● **WHAT IS REQUIRED**:
What is needed is an exact copy of the data below, pictures excluded.

● **COLLECTED DATA**:
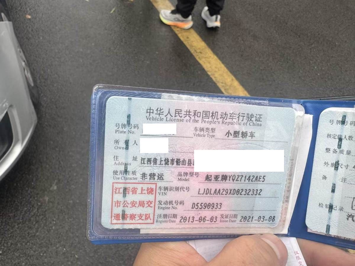 车牌号 赣****** 品牌 起亚
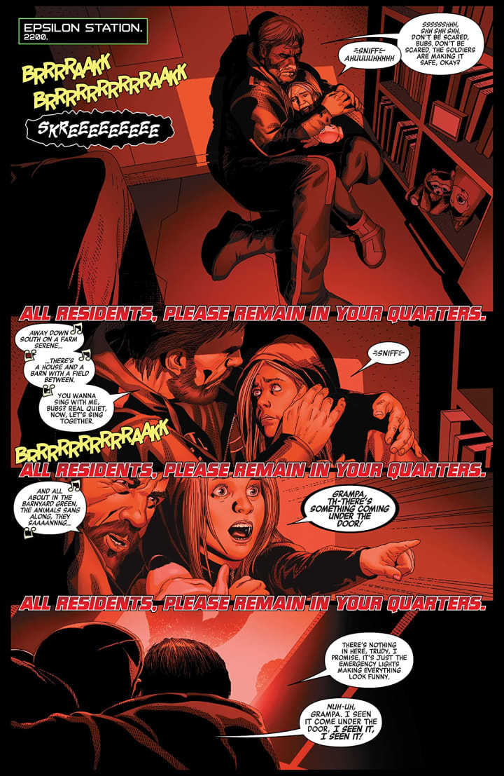 The interiors here are absolutely phenomenal. The linework is exquisitely laid down and how we see the varying weights and techniques being utilised to raise the level and quality of the detail work that we see is astonishingly well utilised. That this is a station and that backgrounds are integral to seeing how small the spaces are manage to increase the way that the depth perception, sense of scale and the overall sense of size and scope make the mood, tone and feel of the book that much more intense. The utilisation of the page layouts and how we see the angles and perspective in the panels show a remarkably talented eye for storytelling. The colour work is brilliantly rendered. How we see the various hues and tones within the colours being utilised to create the shading, highlights and shadow work not to mention how they show aging and weathering inside the corridors shows such an outstanding understanding of how colour can and should work. The creativity and imagination we see throughout is sensational and it shines through in everything we see.
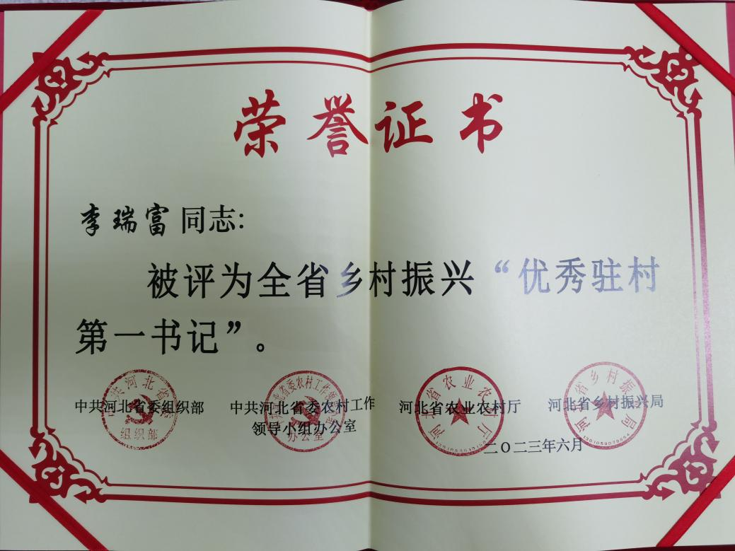李瑞富同志獲評河北省鄉村振興“優秀駐村第一書記”

● **ANSWER SECTION**:
 车牌号 赣****** 品牌 起亚
 The interiors here are absolutely phenomenal. The linework is exquisitely laid down and how we see the varying weights and techniques being utilised to raise the level and quality of the detail work that we see is astonishingly well utilised. That this is a station and that backgrounds are integral to seeing how small the spaces are manage to increase the way that the depth perception, sense of scale and the overall sense of size and scope make the mood, tone and feel of the book that much more intense. The utilisation of the page layouts and how we see the angles and perspective in the panels show a remarkably talented eye for storytelling. The colour work is brilliantly rendered. How we see the various hues and tones within the colours being utilised to create the shading, highlights and shadow work not to mention how they show aging and weathering inside the corridors shows such an outstanding understanding of how colour can and should work. The creativity and imagination we see throughout is sensational and it shines through in everything we see.
李瑞富同志獲評河北省鄉村振興“優秀駐村第一書記”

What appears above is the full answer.